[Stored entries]
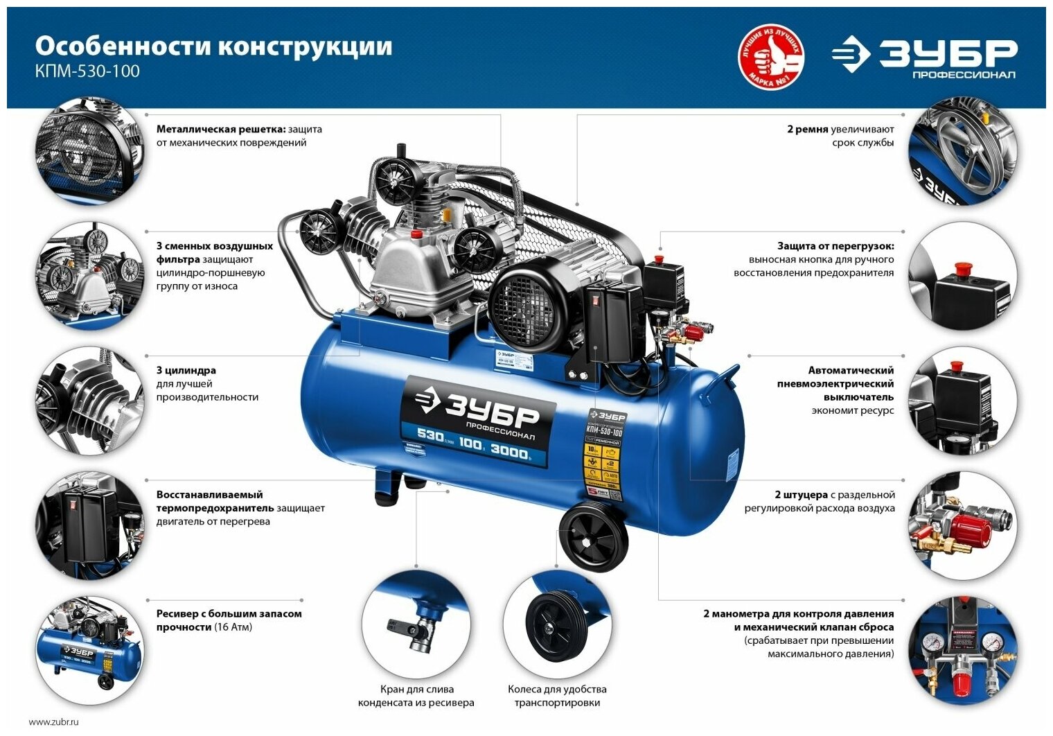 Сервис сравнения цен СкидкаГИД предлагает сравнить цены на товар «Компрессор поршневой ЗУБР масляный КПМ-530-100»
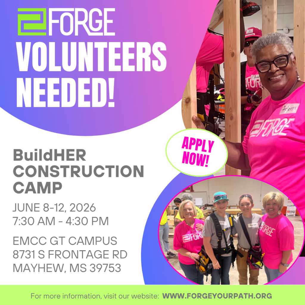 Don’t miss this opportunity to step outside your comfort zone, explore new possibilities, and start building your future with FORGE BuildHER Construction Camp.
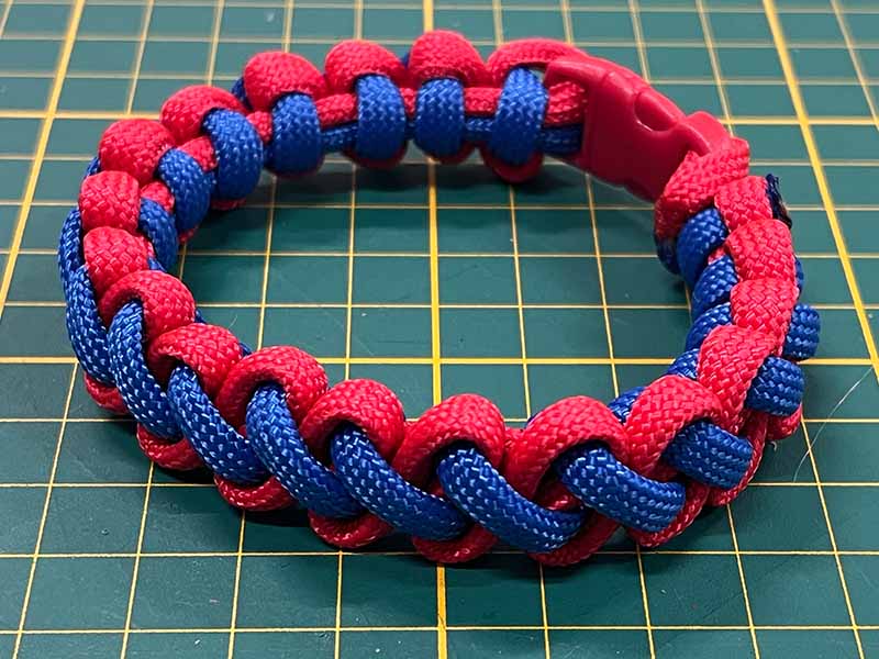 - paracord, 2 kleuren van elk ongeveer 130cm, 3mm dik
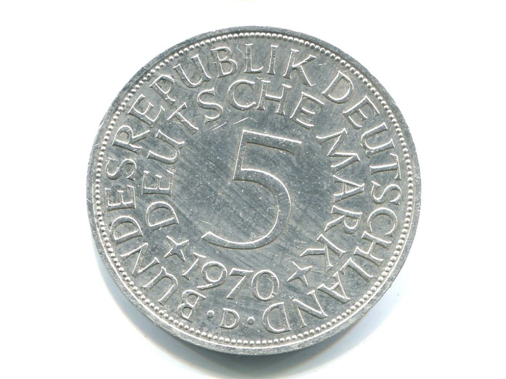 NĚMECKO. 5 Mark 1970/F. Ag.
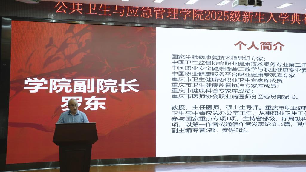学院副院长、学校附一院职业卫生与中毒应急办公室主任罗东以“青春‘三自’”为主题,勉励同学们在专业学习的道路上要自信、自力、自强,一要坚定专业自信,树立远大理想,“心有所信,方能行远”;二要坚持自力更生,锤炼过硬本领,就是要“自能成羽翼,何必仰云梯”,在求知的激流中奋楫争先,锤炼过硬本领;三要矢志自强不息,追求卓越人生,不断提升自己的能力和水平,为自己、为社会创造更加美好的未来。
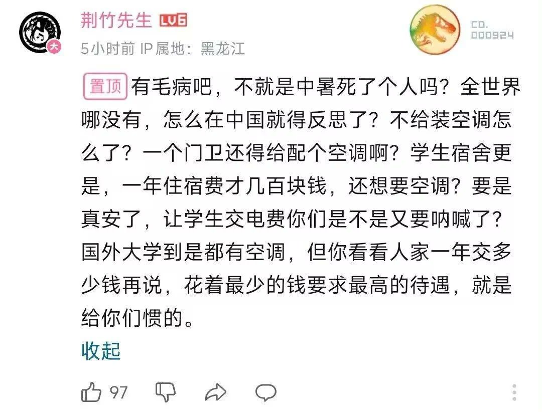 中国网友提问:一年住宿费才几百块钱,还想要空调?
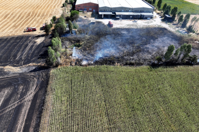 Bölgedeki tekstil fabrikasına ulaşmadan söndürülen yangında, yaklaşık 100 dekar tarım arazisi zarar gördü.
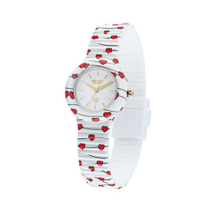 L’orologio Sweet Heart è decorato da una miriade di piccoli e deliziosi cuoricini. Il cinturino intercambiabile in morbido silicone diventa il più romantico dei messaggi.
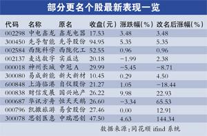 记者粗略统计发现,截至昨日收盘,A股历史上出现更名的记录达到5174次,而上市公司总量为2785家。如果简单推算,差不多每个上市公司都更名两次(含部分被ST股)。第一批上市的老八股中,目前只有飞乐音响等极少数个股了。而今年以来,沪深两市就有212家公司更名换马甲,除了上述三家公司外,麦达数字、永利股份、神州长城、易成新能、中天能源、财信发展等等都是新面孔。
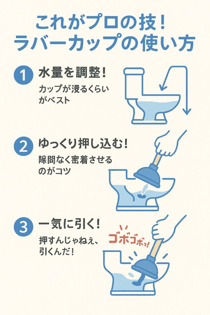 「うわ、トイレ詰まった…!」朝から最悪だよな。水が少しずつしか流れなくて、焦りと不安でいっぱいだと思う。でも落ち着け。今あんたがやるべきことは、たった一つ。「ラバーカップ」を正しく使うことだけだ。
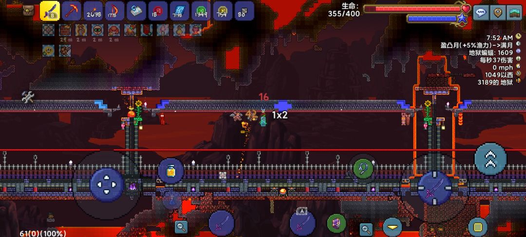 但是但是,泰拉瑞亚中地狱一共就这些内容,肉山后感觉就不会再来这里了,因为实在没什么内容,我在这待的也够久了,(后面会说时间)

EXERCISE DESCRIPTION:
For this exercise, transcribe exactly the part of the records above that opens with the line containing "学院副院长、学校附一院职业卫" and closes with the one containing "L’orologio Sweet Heart". Pictures are not part of the copy.

FINISHED EXERCISE:
学院副院长、学校附一院职业卫生与中毒应急办公室主任罗东以“青春‘三自’”为主题,勉励同学们在专业学习的道路上要自信、自力、自强,一要坚定专业自信,树立远大理想,“心有所信,方能行远”;二要坚持自力更生,锤炼过硬本领,就是要“自能成羽翼,何必仰云梯”,在求知的激流中奋楫争先,锤炼过硬本领;三要矢志自强不息,追求卓越人生,不断提升自己的能力和水平,为自己、为社会创造更加美好的未来。
 中国网友提问:一年住宿费才几百块钱,还想要空调?
 Bölgedeki tekstil fabrikasına ulaşmadan söndürülen yangında, yaklaşık 100 dekar tarım arazisi zarar gördü.
 L’orologio Sweet Heart è decorato da una miriade di piccoli e deliziosi cuoricini. Il cinturino intercambiabile in morbido silicone diventa il più romantico dei messaggi.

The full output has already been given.